Diese Bluttat erregte bundesweites Aufsehen: der Mord an Hatun Sürücü am 7. Februar 2005 wegen ihres westlichen Lebensstils. Im April 2006 wurde ihr jüngster Bruder Ayhan wegen Mordes zu einer Gefängnisstrafe von neun Jahren und drei Monaten verurteilt. Die mitangeklagten Brüder Mutlu und Alpaslan wurden freigesprochen. Dagegen legte die Berliner Staatsanwalt Revision ein. Als der Bundesgerichtshof (BGH) in Leipzig die Freisprüche der Sürücü-Brüder Mutlu und Alpaslan aufhob, sagte Heinz Möller, Anwalt von Mutlu Sürücü, sein Mandant wolle bei einer erneuten Verhandlung freiwillig vor Gericht erscheinen. Das war im August 2007. Doch daraus wird nichts: „Mutlu Sürücü kommt nicht zur Verhandlung“, sagte Möller dem Tagesspiegel (siehe Interview). Trotz des Freispruchs gelte Mutlu Sürücü in der Öffentlichkeit als „verurteilt“. Mutlu Sürücü hat die deutsche Staatsbürgerschaft und hält sich zurzeit in der Türkei auf.

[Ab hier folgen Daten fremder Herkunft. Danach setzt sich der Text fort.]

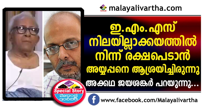 വിമോചന സമരകാലത്ത് ആദ്യത്തെ കമ്മ്യൂണിസ്റ്റ് സര്ക്കാര് നിലയില്ലാക്കയത്തില് മുങ്ങിത്താണപ്പോള് മുഖ്യമന്ത്രിയായിരുന്ന ഇ.എം.എസ് അയ്യപ്പനെ കൂട്ടുപിടിച്ച് ഭരണം നിലനിര്ത്താന് നടത്തിയ ശ്രമം ചീറ്റിപ്പോയിരുന്നു. അക്കഥ അഡ്വ. ജയശങ്കര് കമ്മ്യൂണിസ്റ്റ് ഭരണവും വിമോചന സമരവും എന്ന പുസ്തകത്തില് വിശദീകരിക്കുന്നുണ്ട്. ശബരിമല സ്ത്രീ പ്രവേശനം സുപ്രീംകോടതി വിധിച്ചപ്പോള് മറ്റൊരു കമ്യൂണിസ്റ്റ് സര്ക്കാരിന് തലവേദന സൃഷ്ടിക്കുന്നതിനിടയിലാണ് പഴയ സംഭവം പറയുന്നത്.

Nach der BGH-Entscheidung muss der Mord an Hatun Sürücü neu verhandelt werden. Ayhan Sürücü ist rechtskräftig verurteilt: Er hat seine Schwester auf offener Straße mit drei Kopfschüssen ermordet. Eine Kronzeugin sagte damals im Prozess vor dem Landgericht aus, ihr damaliger Freund Ayhan habe ihr anvertraut, dass Mutlu Sürücü die Waffe besorgt habe. Sein Bruder Alpaslan soll bei der Tat Schmiere gestanden haben. Diese Aussagen hatte Ayhan Sürücü zwar bestätigt. Doch bestritt er, die Wahrheit gesagt zu haben. Er habe der Kronzeugin diese Version nur erzählt, um sie zu beruhigen. Der BGH nannte diese Aussage „wenig plausibel“.

Noch gibt es zwar keinen Termin für eine neue Verhandlung. Nach Tagesspiegel-Informationen sollen bereits Haftbefehle gegen die Brüder Mutlu und Alpaslan beantragt worden sein. Ob der Ermittlungsrichter den Anträgen stattgegeben hat, ist nicht bekannt. Mit Verweis auf das laufende Verfahren geben Staatsanwaltschaft und Landgericht keine Auskünfte.

Während Mutlu Sürücü Deutscher ist, hat Alpaslan Sürücü die türkische Staatsbürgerschaft. Das ist für das weitere Verfahren relevant: Die Behörden werden vermutlich beide Haftbefehle international zur Fahndung ausschreiben. Im Fall von Mutlu Sürücü können die deutschen Behörden die Türkei um Auslieferung ersuchen. Beide Staaten haben das EU-Auslieferungsabkommen ratifiziert. In der Regel werden deutsche Staatsbürger ausgeliefert. „Wir gehen davon aus, dass in diesem Fall ausgeliefert wird“, heißt es aus Justizkreisen auf Bundesebene.

Bei Alpaslan Sürücü liegt eine andere Situation vor. Die Auslieferung kann ohne nähere Angaben abgelehnt werden. Allerdings kann er von türkischen Behörden befragt werden – und auch in der Türkei eine mögliche Strafe verbüßen. Kurz vor der BGH-Entscheidung wollte Alpaslan Sürücü nach Deutschland einreisen: Die Ausländerbehörde verweigerte ihm jedoch die Einreise, da seine Aufenthaltserlaubnis erloschen war. Er hatte sich länger als sechs Monate im Ausland aufgehalten. Ob er sich jetzt freiwillig bei den Behörden meldet, ist sehr unwahrscheinlich. „Er muss seine Entscheidung treffen“, sagte sein Anwalt Matthias Kock.